[BUG] Steady memory increase during thumbnail generation
Description of the Bug
The more thumbnails are generated the more memory the application needs.
Expected Behavior
The application memory should not depend on the amount of thumbnails that have to be generated.
To Reproduce
Steps to reproduce the behavior:
- Run the application in a container with a hard memory limit.
- Add about a 100 books - this amount seems to require around 1GB of RAM.
- Regenerate the thumbnails in the library with different memory limits.
Screenshots
If applicable, add screenshots to help explain your problem.
Debugging Information
journalctl -r
Environment:
- OS: Arch Linux
Build Details:
- Version: 0.0.10
- Docker: yes
Additional context
Run as Nomad job. Data (books) are mounted as read only.
The more thumbnails are generated the more memory the application needs
Are you actually observing a memory leak, e.g., the memory continues to steadily increase after the job completes, or are you just observing high resource utilization during the lifecycle of the job?
Stump will, by default, generate 50 thumbnails at a time. This means it will load 50 full-res images into memory, convert and resize them in memory, then dump to the disk. You can configure this value to be less, so it doesn't process more than a preferred amount at once: https://www.stumpapp.dev/guides/configuration/server-options#stump_max_thumbnail_concurrency
Hey @aaronleopold, thank you for the fast reaction. Yes, it is not a leak but a steady increase in memory.
I just set STUMP_MAX_THUMBNAIL_CONCURRENCY=10. Deleted all thumbnails and started regenerating. Around thumbnail 144 OOM Killed. Memory limit is 512MB of RAM.
With STUMP_MAX_THUMBNAIL_CONCURRENCY=3 the 512MB were enough. Maybe this default setting of 50 is a bit too high as a default?

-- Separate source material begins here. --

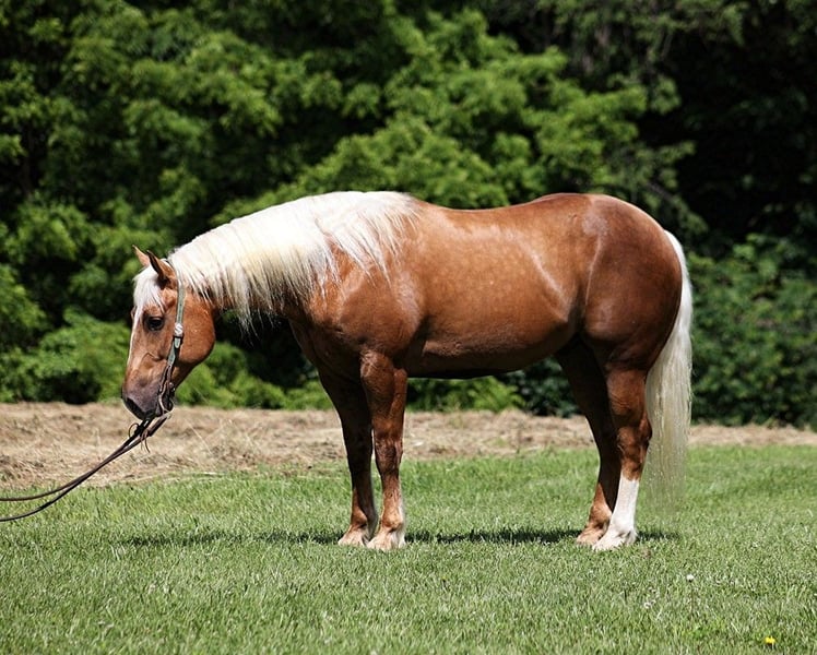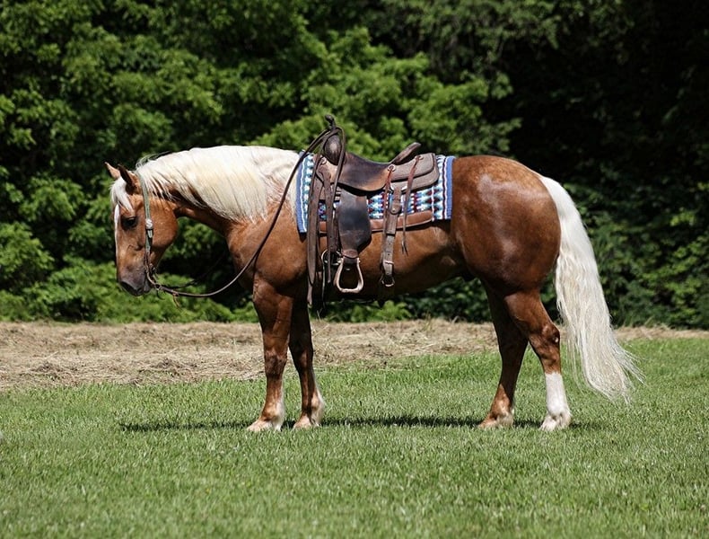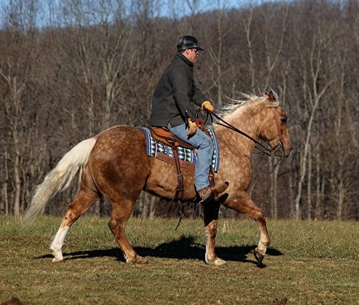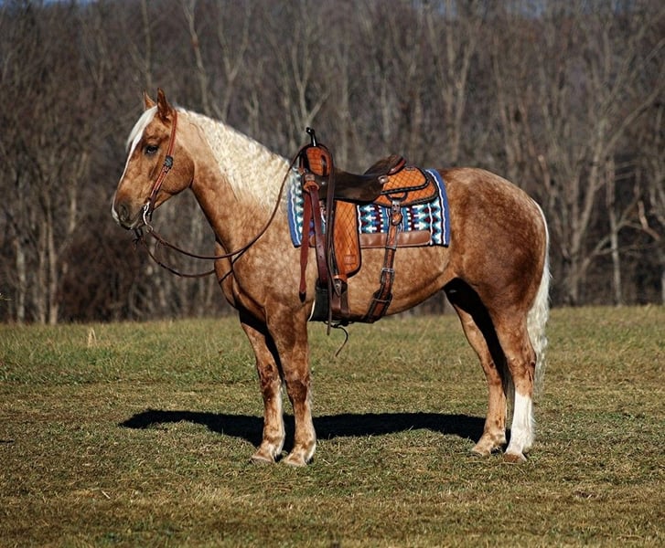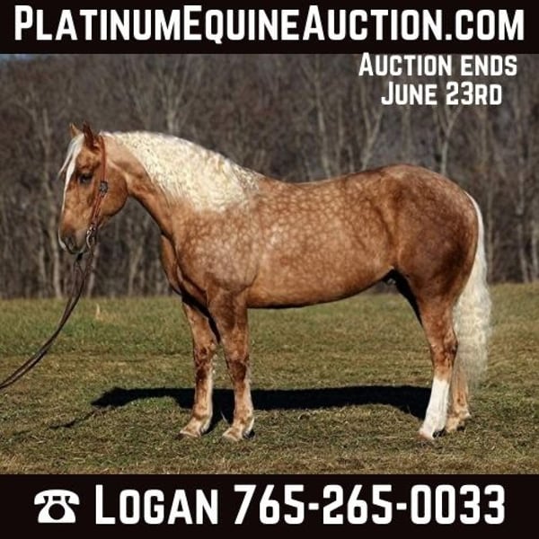 ONLINE AUCTION Place your bids at www.PlatinumEquineAuction.com Starting Bid $3500 Auction ends June 23rd, 2024 Need a new saddle? Check out White Rock Saddles on our website or Facebook! Dream horses do exist and Aspen is living proof of that! Talk about a horse that gets ALL of the looks where ever he goes!!! Aspen is a super stout built Golden Dappled Palomino Draftcross gelding standing around 15.2hh and he is 6 years old! In the fall/winter Aspen has more dapples than your eyes can count, as he is a high contrast dappled palomino. In the summer he is a dark golden palomino with chocolate highlights… he is always BEAUTIFUL!!! Aspen has been with us for almost 2 years now and we used him as my personal horse. He went through the natural horsemanship training and learned some tricks a couple years ago, where he would bow and lay down. Aspen has been used to around cattle and has caught wild ones, (roped/tied down), he has been used in the branding pen and used to doctor as well. He has been ridden down the highways, we have had him in town and he is very traffic safe. Aspen is great on trails and he will cross creeks, ditches, logs and navigate rough rocky areas. He has a smooth jog, a VERY VERY nice easy to set lope, a good stop, spins a circle both ways and backs with ease! He has been exposed to all kinds of wildlife such as deer or turkey or other animals like cows or dogs and will go anywhere that he is asked too. He has been rode many miles in the mountains of Eastern Kentucky and encountered every obstacle possible on the trail. He will go up or down even the steepest slopes, across deep creeks, over downed trees, and over all types of rough terrain while still being sure footed. Aspen is not cinchy, cold backed, does not crib or weave. Located in Level Green, KY. Feel free to call Moore Trained Horses Logan 765-265-0033 with any questions. ONLINE AUCTION Place your bids at www.PlatinumEquineAuction.com Starting Bid $3500 Auction ends June 23rd, 2024 Need a new saddle? Check out White Rock Saddles on our website or Facebook!

Yeah of course! No problem
I just set
STUMP_MAX_THUMBNAIL_CONCURRENCY=10. Deleted all thumbnails and started regenerating. Around thumbnail 144 OOM Killed. Memory limit is 512MB of RAM.
So this definitely points to something else going on, but not 100% sure what. You're saying it OOM'd around batch 14 (144 images / 10), which implies there is some memory being held by the container between each batch and aligns with:
it is not a leak but a steady increase in memory
Are you able to see the memory go down after the job completes? Or does docker not release the memory?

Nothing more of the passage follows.